Medidas de Enfrentamento à violência doméstica durante a pandemia

No mês de julho de 2020 foi publicada a Lei n. 14022, que dispõe sobre medidas de enfrentamento à violência doméstica e familiar durante a emergência de saúde pública de importância internacional decorrente do coronavírus responsável pelo surto de 2019.


Vamos entender que instrumentos de proteção essa lei trouxe e como utilizá-la na prática.

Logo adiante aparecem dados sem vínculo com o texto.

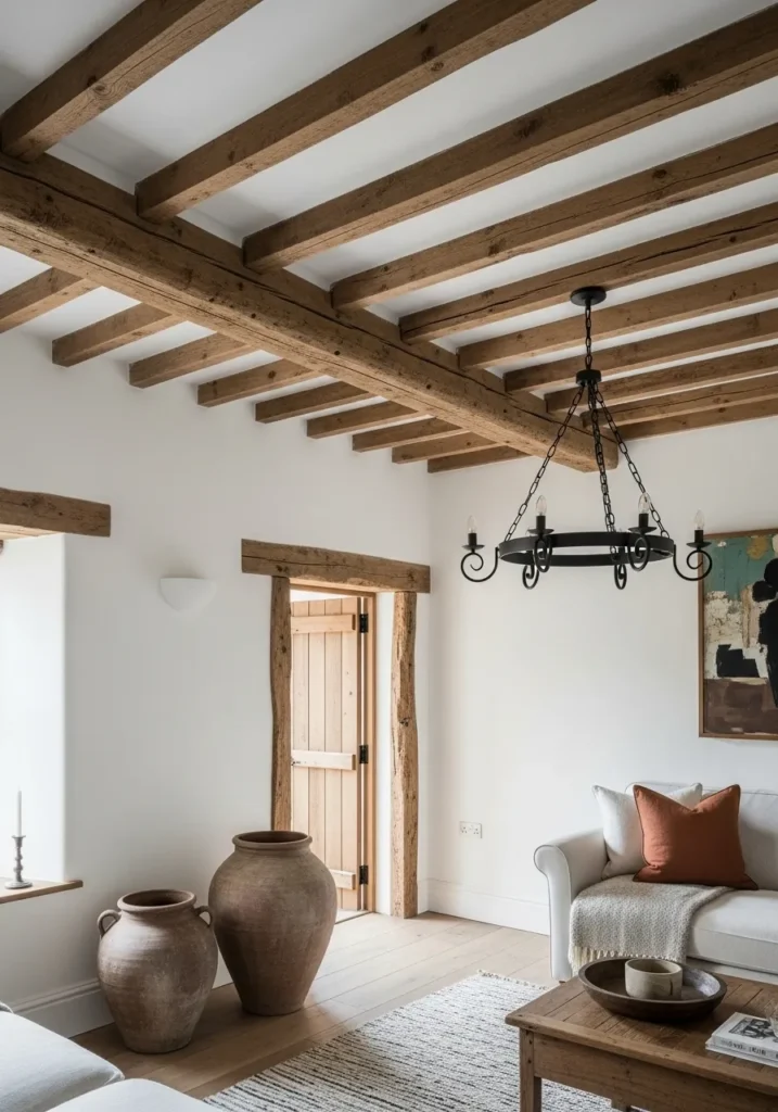 To complement the rustic ceiling, introduce elements that echo its quiet strength. A wrought iron chandelier suspended at the center brings understated elegance and subtle drama, its dark silhouette contrasting beautifully with the pale backdrop. Beneath, layer soft wool rugs, stoneware vases, and earthen pottery to ground the space in natural materials. These textures work together to create an environment that feels curated yet deeply comforting—a perfect marriage of simplicity and sophistication.

Em primeiro lugar, é importante mencionar que essa lei regulamenta medidas de enfrentamento a violência doméstica e contra à mulher e de enfrentamento à violência contra crianças, adolescentes, pessoas idosas e pessoas com deficiência. Vamos entender quem são esses grupos considerados vulneráveis:



Serviços de Proteção:


Os serviços relacionados ao atendimento às mulheres em situação de violência doméstica, às crianças, aos adolescentes, pessoas idosas e às pessoas com deficiência, foram incluídos nas atividades essenciais que não podem interromper o funcionamento.


Rede de proteção à mulher

Rede de proteção à criança e ao adolescente

Rede de proteção à pessoa idosa e pessoa com deficiência


Atendimento Presencial:


O poder público deverá adotar as medidas necessárias para garantir a manutenção do atendimento presencial de mulheres, idosos, crianças ou adolescentes em situação de violência, com a adaptação dos procedimentos estabelecidos na Lei nº 11.340, de 7 de agosto de 2006 (Lei Maria da Penha), às circunstâncias emergenciais do período de calamidade sanitária decorrente da pandemia da Covid-19.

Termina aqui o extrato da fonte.